"Certainly I'll fix it," he said, "but it will cost you nine million and some billion flies."
"All right," said Billy Bunny. "I'll go down to the 3 and 1-cent store and buy a fly catcher." So off he went and pretty soon he came back with a great big fly catching box, and after he had set it down, they stood and watched the flies go in until it was so full that not another one could even poke in his nose.
"Now, Mr.

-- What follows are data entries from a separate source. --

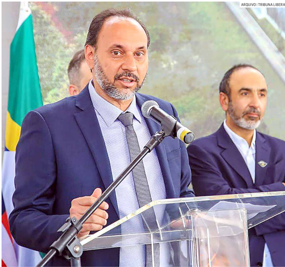
Moradores criticaram prefeito de Paulínia pelo gasto considerado elevado com sinalização

A sinalização viária é realizada pelas cidades visando a organização do tráfego, prevenção de acidentes e melhoria da mobilidade urbana. No entanto, o montante de R$ 12.177.976,25 foi criticado por moradores. “O valor é alto, R$12 milhões para pintar rua e lombada? Só
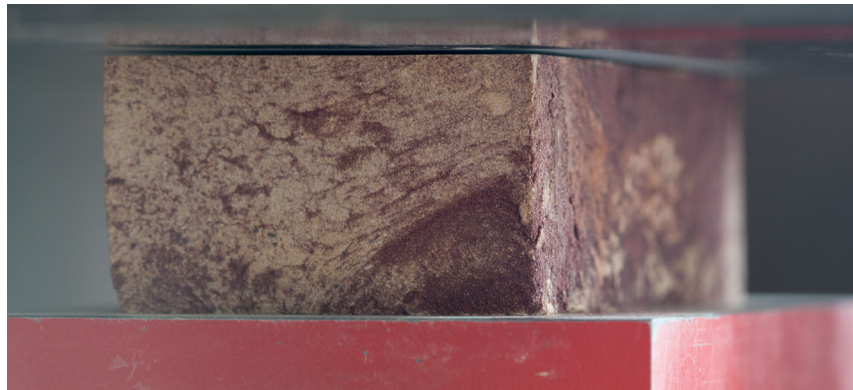
Bepaling van de druksterkte

De druksterkte wordt uitgedrukt in de gemiddelde druksterkte. Aangezien de proefstukgrootte van grote invloed is op de gemeten druksterkte van een metselsteen wordt ook wel gebruik gemaakt van de genormaliseerde druksterkte. Dat is de druksterkte van een referentiesteen met een vaste exacte maat van 100 mm breed en 100 mm hoog. De CE genormaliseerde druksterkte kan in Nederland niet altijd direct worden gebruikt voor het berekenen van de metseldruksterkte. Dat kan wel bij producten waarvan de hoogte kleiner of gelijk is aan de kleinste breedtemaat. En dat is bij gevelbaksteen gebruikelijk het geval. Voor stenen waarbij dat niet het geval is moet de in Nederland gebruikte genormali-
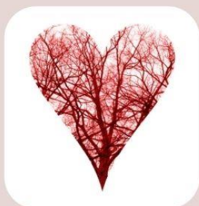
health 血管年齢測定 & 健康アドバイス
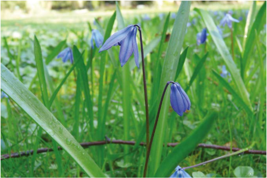
Abb. 36: Der Sibirische Blaustern ( Scilla siberica ) kann wie viele andere Stinsenpflanzen große Herden bilden, ist aber nicht zu effektiver Fernausbreitung in der Lage.

Scilla luciliae : Diese Zierpflanze aus der Türkei verwildert leichter als die ähnliche S. siehei . Wie alle Stinsenpflanzen verfügt sie nicht über effektive Mechanismen zur Fernausbreitung, ist aber in der Lage individuenreiche Bestände auszubilden.
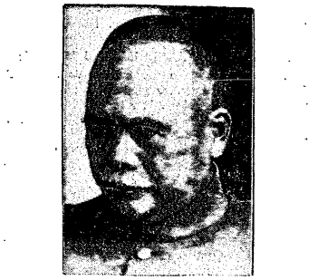
Gen. Ugaki, któremu Mikado powierzył utworzenie nowego japońskiego gabinetu ministrów.

Pobyt młodej pary holenderskiej w Krynicy ma potrwać jeszcze kilka dni, po czym, co już zostało ostatecznie zdecydowane, nastąpi wyjazd do Zakopanego. Dostojni goście udadzą się do Zakopanego przez Kraków celem zwiedzenia zabytków stolicy Jagiellonów.
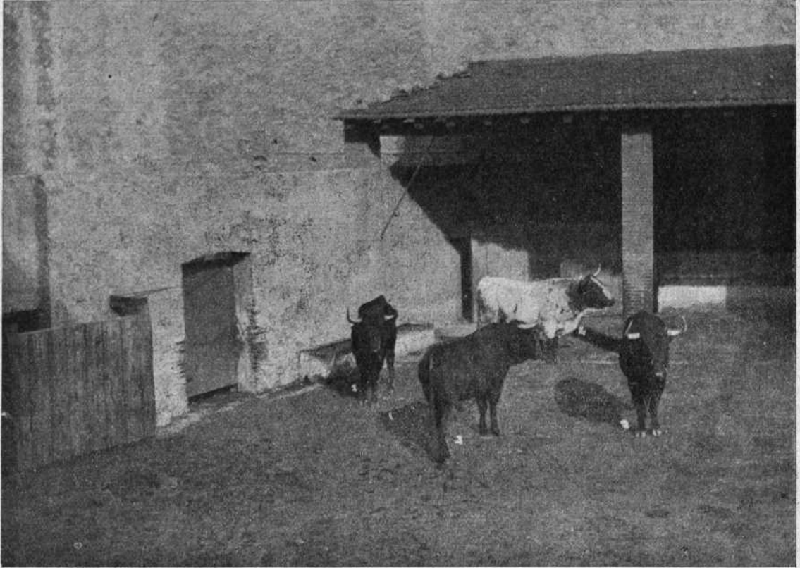
Los cuatro toros del Sr. Cámara en los corrales de la plaza.

Cuatro toros en todo el valor de la palabra, como no solemos ver en corridas de alto precio.
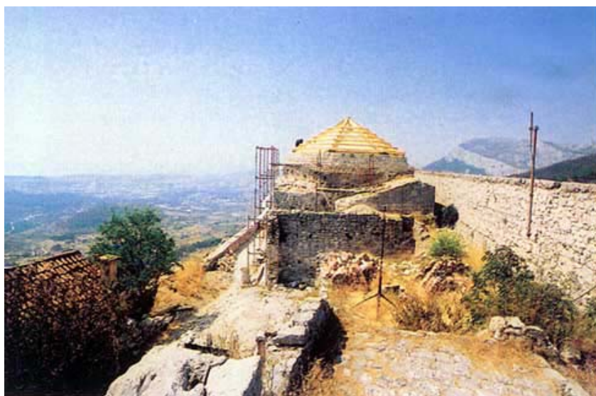
Dio tvrđave s crkvom Sv. Vida

Kliškog sandžaka. Danas općina Klis uz glavno obuhvaća sljedeća naselja: Brštanovo, Dugobabe, Konjsko, Korušice, Nisko, Prugovo, Veliki Bročanac i Vučevicu. U samom mjestu nalazi se turska česma, a u župnoj crkvi Uznesenja Blažene Djevice Marije postoje freske V. Paraća. Stječe se dojam da je danas Klis ipak poznatiji po janjetini koja se nudi u brojnim usputnim gostionicama, negoli po svojoj tvrđavi i njezinoj slavnoj prošlosti.
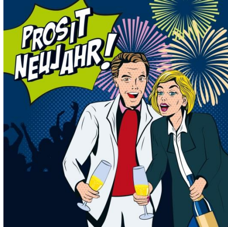
Fröhlich, sicher und respektvoll feiern
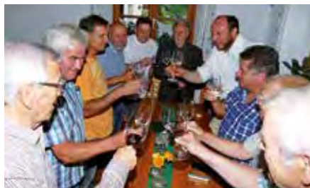
Prost hieß es beim Buschenschank.
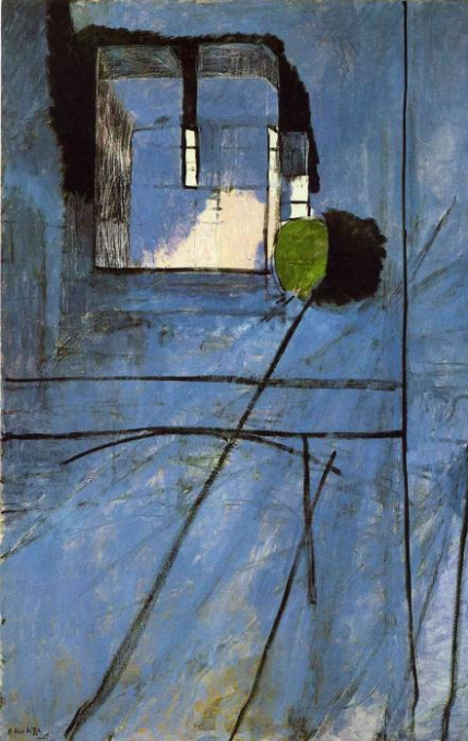
Notre- Dame Matisse, 1914 MoMa

Que sea posible una pintura no figurativa se debe a que lo visible, lo que vemos, en sentido estricto, es algo sencillo: vemos colores, manchas de colores, que ocupan un área, un espacio normalmente delimitado; vemos figuras y colores. En la vida ordinaria no decimos esto ya que decimos que vemos un coche, una montaña... Pero eso lo hacemos porque sabemos la apariencia que tiene una montaña, porque sabemos lo que es una montaña y la reconocemos en la vida real. Cuando vemos algo que no sabemos lo que es, a veces algo que no reconocemos por la perspectiva o la distancia, experimentamos que vemos pero que no reconocemos lo que vemos. Y con eso trabaja la pintura no figurativa, con figuras y colores, elementos básicos de lo visible que, en principio, no representan nada reconocible.

Spider," said Billy Bunny, "there are maybe a trillion flies in that box, for the storekeeper told me it was guaranteed to hold that many, so please fix the town clock, for it would be too bad if the little boys and girls didn't know it was Christmas when it really came."
So the spider got out his little tool bag and climbed up the steeple and fixed that old town clock so well that it began to play a tune, which it had never done before, and all the people in Rabbitville were so delighted that they gave the spider a little house to live in for the rest of his days.
STORY IV.
BILLY BUNNY AND THE TING-A-LING TELEPHONE.

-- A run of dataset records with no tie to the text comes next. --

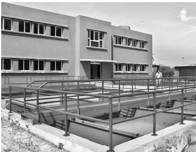
Planta de Caunao.

Estos últimos sitios la reciben de la planta Damují, la cual fue objeto de reposición de filtros y tratamiento de canales. Ello determinó una mejor calidad del producto proveniente de allí: motivo reiterado de inconformidad popular hasta entonces.
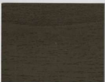
Walnut Green 300s + Walnut
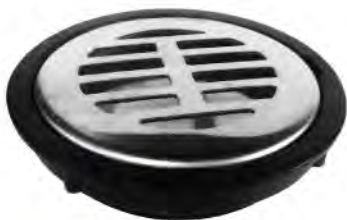
MASG009 2" SUMIDERO BASIC
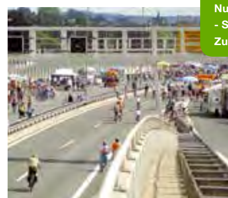
Radfahren auf der HTS, nur bei Siegtal pur
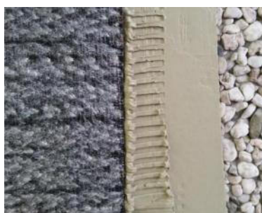
Fixierung Bentonitmatte auf unebenem Untergrund
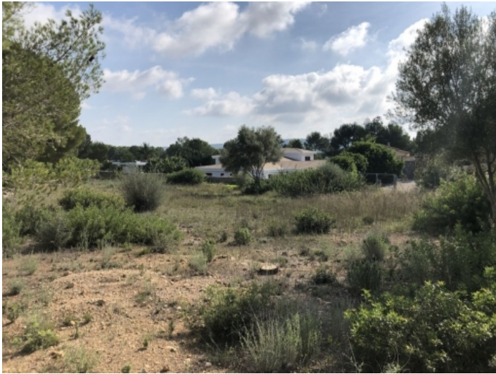
Ansicht des Grundstücks
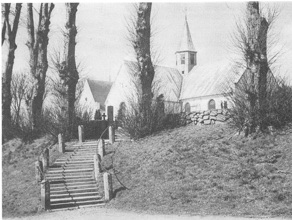
Ældre foto af Hoptrup kirke med de store, gamle træer stående rundt om kirkegården. Det var her ved kirken, den første edsaflæggelse skulle finde sted, og det var her, et Dannebrog var hængt op i træerne.

ske regering efter 1850, og officererne brugte ofte en strøm af skældsord og trusler, der ophidsede folk i stedet for at berolige. I et tilfælde henviste den pågældende officer endog tidligere danske soldater til, at de ved at nægte eden vanslægtede fra deres forfædre, som så heltemodigt havde kæmpet imod de danske.
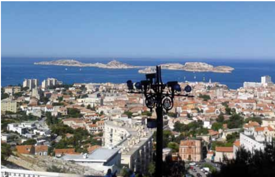
Die Passagiere können auch Marseille, die Kulturhauptstadt 2013, besichtigen.

Ergebnis für Schifffahrtfans ist sicher auch das Liegen der Flusskreuzfahrtschiffe im sogenannten „Päckchen“. D.h., dass zwei oder drei Schiffe nebeneinander vor Anker liegen.
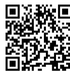
プッシュ型通知サービスについて
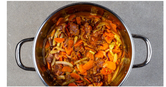
3. Gemüse garen

1EL Zucker, 1TL Salz und 80ml Essig verrühren, bis sich Salz und Zucker auflösen. Die restlichen Zwiebeln untermengen und beiseitestellen.
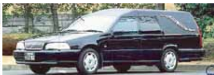
出棺の車両をご希望の場合は お申し付け下さい
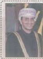
الحارثي : ممتون الطلاب السمائي جيه
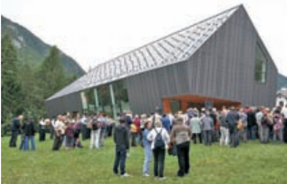
Na slovesnost ob odprtju Slovenskega planinskega muzeja, ki stoji v neposredni bližini nekdanje stavbe Triglavske muzejske zbirke ob vstopu v dolino Vrat, je prišlo več kot tisoč planincev iz vseh koncev Slovenije.
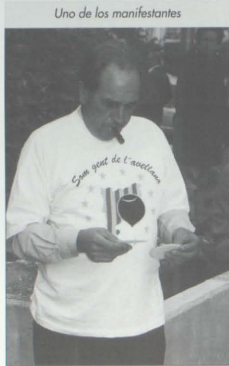
Uno de los manifestantes
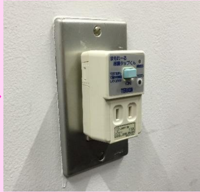
コンセントに挿した状態

Ting-a-ling went the telephone bell in Uncle Lucky Lefthindfoot's house, the kind old gentleman rabbit who was the uncle of Billy Bunny, you know.
And I only say this right here in case some little boy or girl should read this story without having seen all the million and one, or two, or three that have gone before.

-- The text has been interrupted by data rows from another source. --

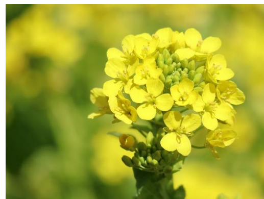
たくさんの花が付きます (3/2 撮影)

◆現在背丈が40cmほどです。上向きに咲いているので上からのアングル、または、かがんで青空との撮影もおすすめです。
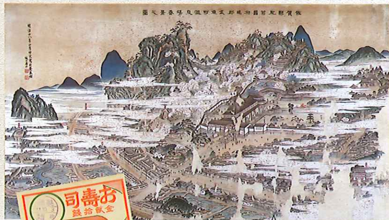
武雄温泉場春景之図(武雄温泉(株))
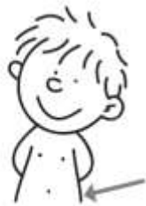
legs / tummy
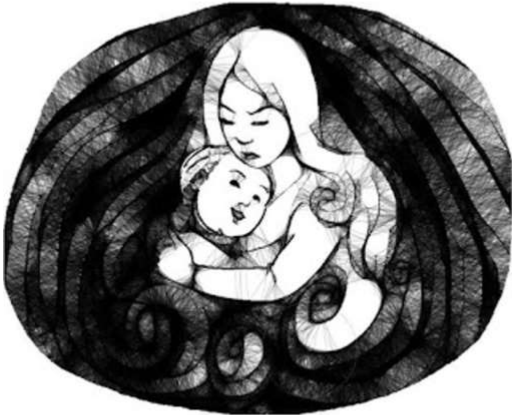
Mẹ Con- Tranh Nguyễn Đức Tuấn Đạt

Lúc chị sanh con đầu lòng, cha mẹ chị còn ở Việt Nam. Mấy anh chị em của chị sống tứ tán khắp nơi trên nước Đức. Đứa bé là cháu nội, ngoại đầu tiên. Bởi thế, hai họ xúm lại nâng niu cháu. Các dì, các cậu, vài tuần đáp xe lửa về thăm cháu. Bên nội ở gần xị, chạy xe 10 phút là đến.
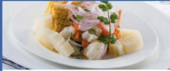
Deck 5 Posidonia Restaurant
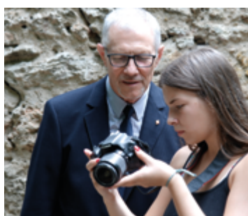
Ex. de prestations : chasse aux trésors pour Habitat Audois / séance photos de l'équipe municipale

So Uncle Lucky jumped out of the hammock where he had been swinging up and down on the cool front porch of his little house in Bunnytown, corner of Lettuce avenue and Carrot street, and hopped into the library and took down the receiver and said "Helloa! This is Mr. Lucky Lefthindfoot talking."
"Is that you, Uncle Lucky?" answered a voice at the other end of the wire. "This is Billy Bunny, and I'm lost in the Friendly Forest." "What!" cried the old gentleman rabbit, and he got so excited that he put the wrong end of the receiver to his left ear and got an awful electric shock that nearly wiggled his ear off. "Where are you now?"